While the ECB was the last of the three to start raising rates, it will now almost certainly start cutting rates before the Fed and Bank of England, both of which have said further progress is needed to reduce inflation.

UBP strategist: We expect the ECB to cut interest rates next week

Markets have fully priced in just one more rate cut by the European Central Bank for the rest of the year, a sharp revision from expectations at the start of the year that it would cut rates as many as six times starting in the spring. In the same Reuters poll, a majority predicted the ECB would cut interest rates two more times in September and December.

Knott, usually known for his hawkish stance, said on Tuesday there had been “clear deflation” since peaking above 10% in late 2022, particularly on goods inflation.
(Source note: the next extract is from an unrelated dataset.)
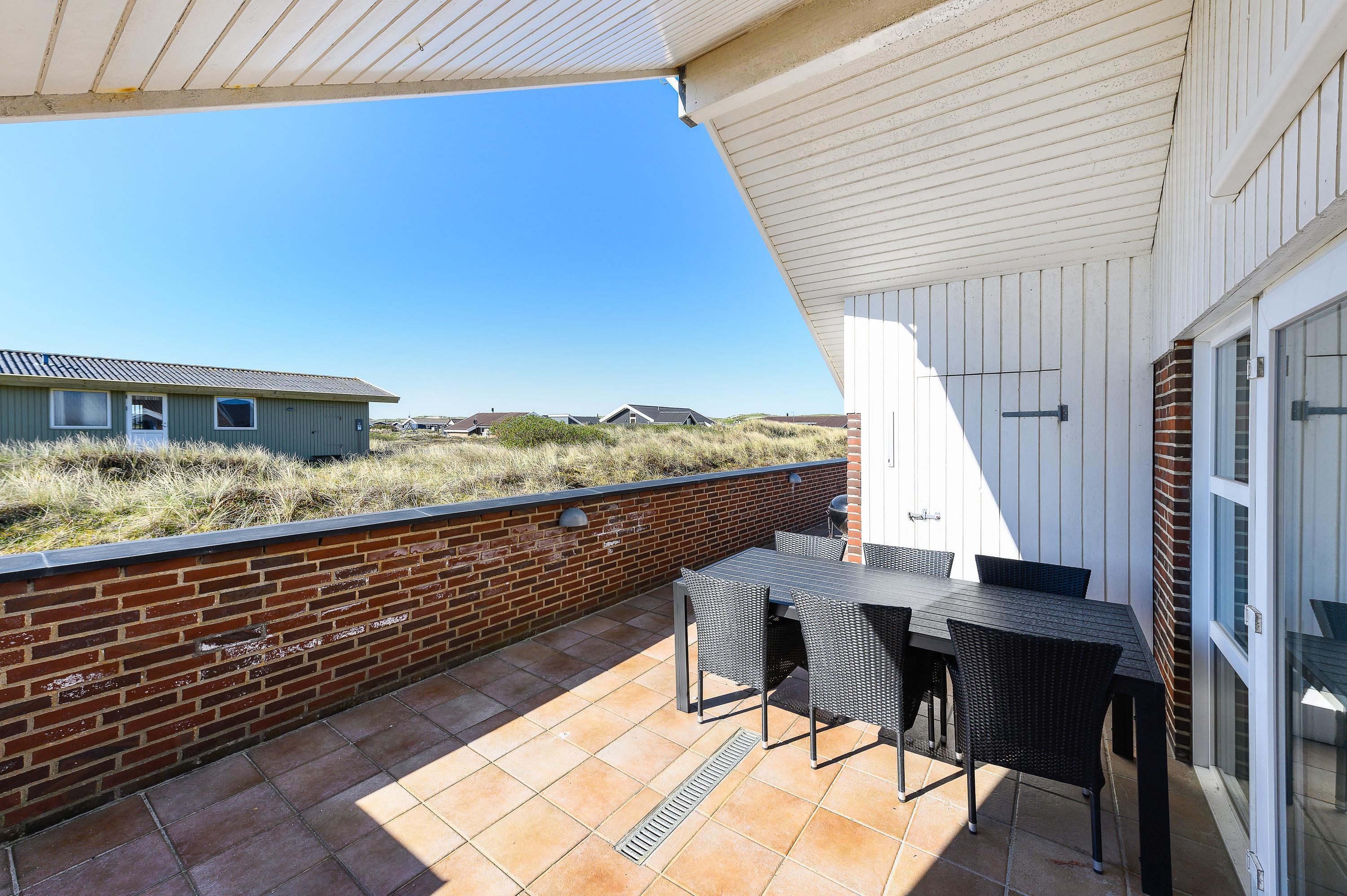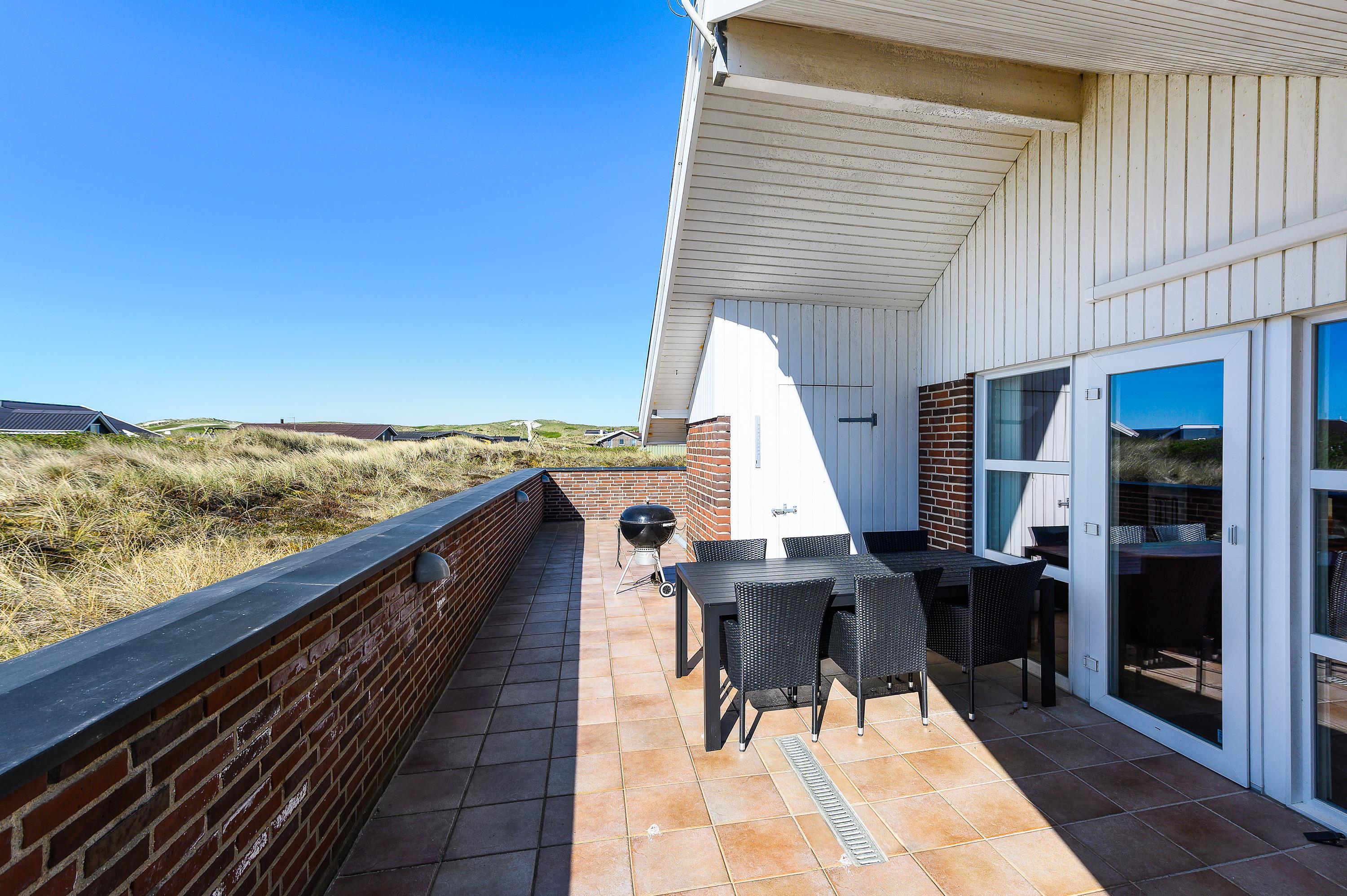 Om aftenen kan aftensmaden tilberedes på grillen, og familien kan samles omkring bordet til fællesspisning. Måske I laver en familiedyst og finder årets ferievinder? Der er i hvert tilfælde lagt op til fornøjelige timer udenfor på en dejlig lun sommeraften. Måske I bare sidder og nyder lyden af Vesterhavets brusen med et koldt glas vin i hånden.

However, he said the next phase of the process could be “more volatile” due to base effects in energy prices and the removal of government fiscal support programs.

What happens after June depends on the data

Nott said the interplay between inflation expectations, market pricing, economic growth data, the labor market and productivity, and the ECB’s own quarterly forecasts meant it was not yet possible to commit to a specific path for rate cuts in the second half of the year.

“The precise timing, pace and scale of easing must also follow a data-dependent approach… Labor market data is a key factor in our forecasts,” he said.

Nott noted that the ECB’s last staff forecast, released in March, suggested that three to four rate cuts this year would be appropriate, similar to what markets were pricing in at the time.

“While the latest figures from the new wage deal do suggest that wage growth has slowed somewhat since the end of 2023, wage growth unfortunately remains relatively high. Based on forward-looking indicators, the road to 2024 is expected to remain quite bumpy,” Knot said.

“Productivity growth remains low and has not picked up yet. Therefore, we will have to wait for the next round of forecasts in June, which will provide us with an updated assessment of the outlook for inflation and the attendant balance of risks.”

Preliminary Eurozone inflation data for May will be released on Friday, and the European Central Bank will make its next monetary policy decision and forecast on June 6.